Horse-Canada readers will remember that the songstress announced the arrival of Cool last year on Instagram. In the post Lambert wrote: “Y’all please welcome the newest member of our farmily [sic]. This is “Cool”. He is one of the sweetest horses I’ve ever met. He does it all with grace and patience and has already taught me so much.”
Lambert competes with Cool in cowboy mounted sharp-shooting events. The sport involves riders shooting .45 caliber, single-action revolvers that are loaded with five rounds of black-powder blanks. Each “ride” is timed, and the targets are balloons attached to stands or poles that are set up in one of 50 patterns.

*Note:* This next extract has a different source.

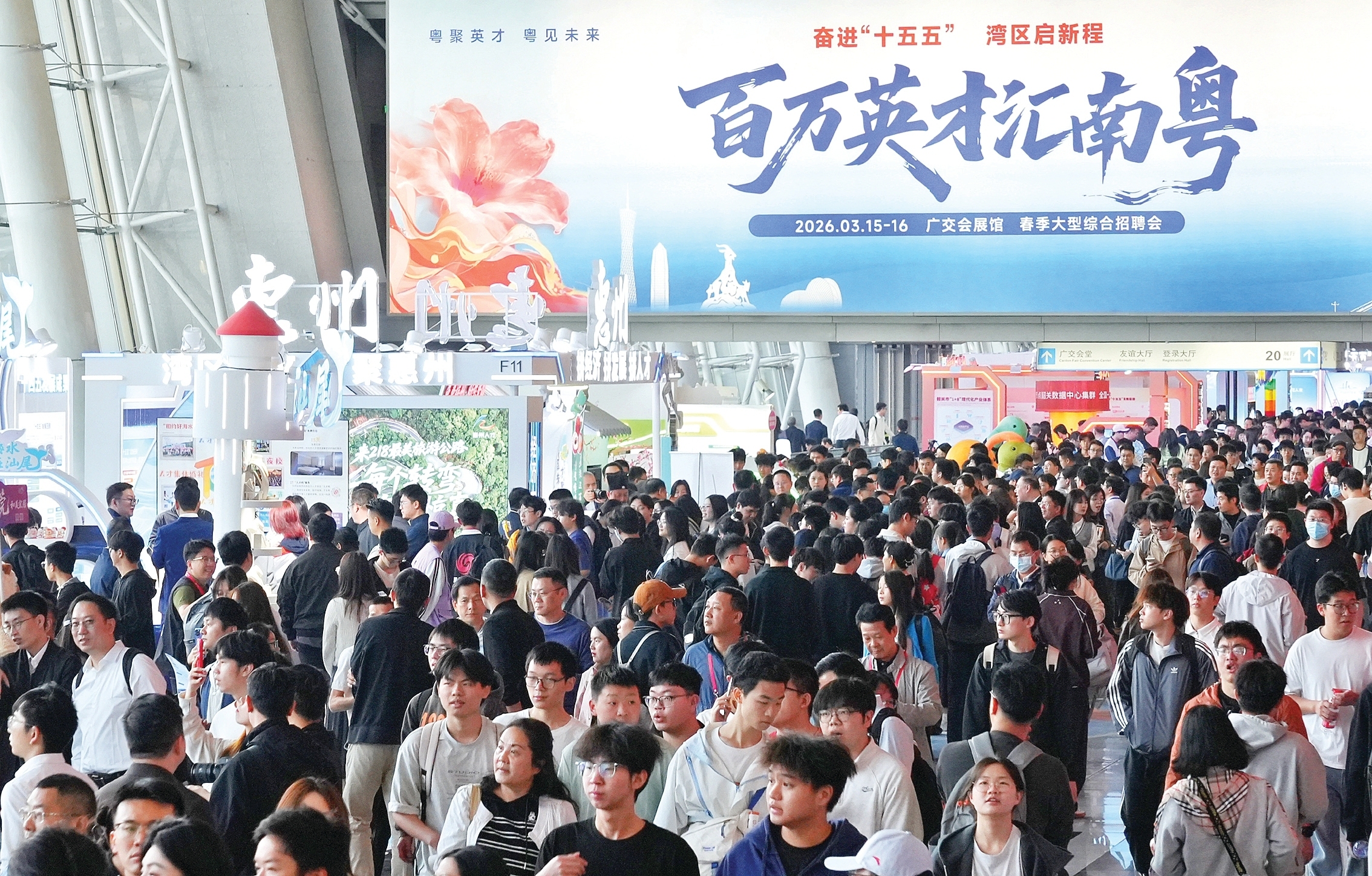 上昼8时许,广州广交会展馆已是东说念主头攒动,来自五湖四海的后生学子有序列队插足招聘会场,“热忱迎接有志后生,处事创业选拔广东”“百万英才汇南粤,南粤视君为张含韵”等揽才口号,也止境引东说念主选藏。

When it came time to film the video for Run, she knew that to have Cool and other horses running wild across the screen suited the ballad. “There is always a sense of freedom when you’re on the back of a horse with the wind in your hair, so it felt really significant to have Cool with me in this video,” Lambert told KIK Radio. “I love horses because they’re a way to run to something – or away if you need to.”
The stunning video was shot D Spur Ranch and Riding Stables in Gold Canyon, Arizona, with images of her riding and snuggling Cool as other horses gallop through the rugged desert landscape complete with cacti.
The star also revealed that she began riding as an adult, but the hobby quickly became a lifestyle. “I started riding when I turned thirty and wanted to try more things that scared me,” she tells the radio station. “Now horses are such a passion of mine and mounted shooting is a brand-new way to push myself and to chase that feeling of being bravely true to yourself, which is exactly what this song is about.”
Lambert’s love of horses and all animals is part of who she is, having created the MuttNation Foundation in 2009 to shine a spotlight on rescue animals and shelters, raising in excess of $4.5 million since its inception. Her commitment to horses and western riding sports saw Lambert inducted into the National Cowgirl Hall of Fame in 2020.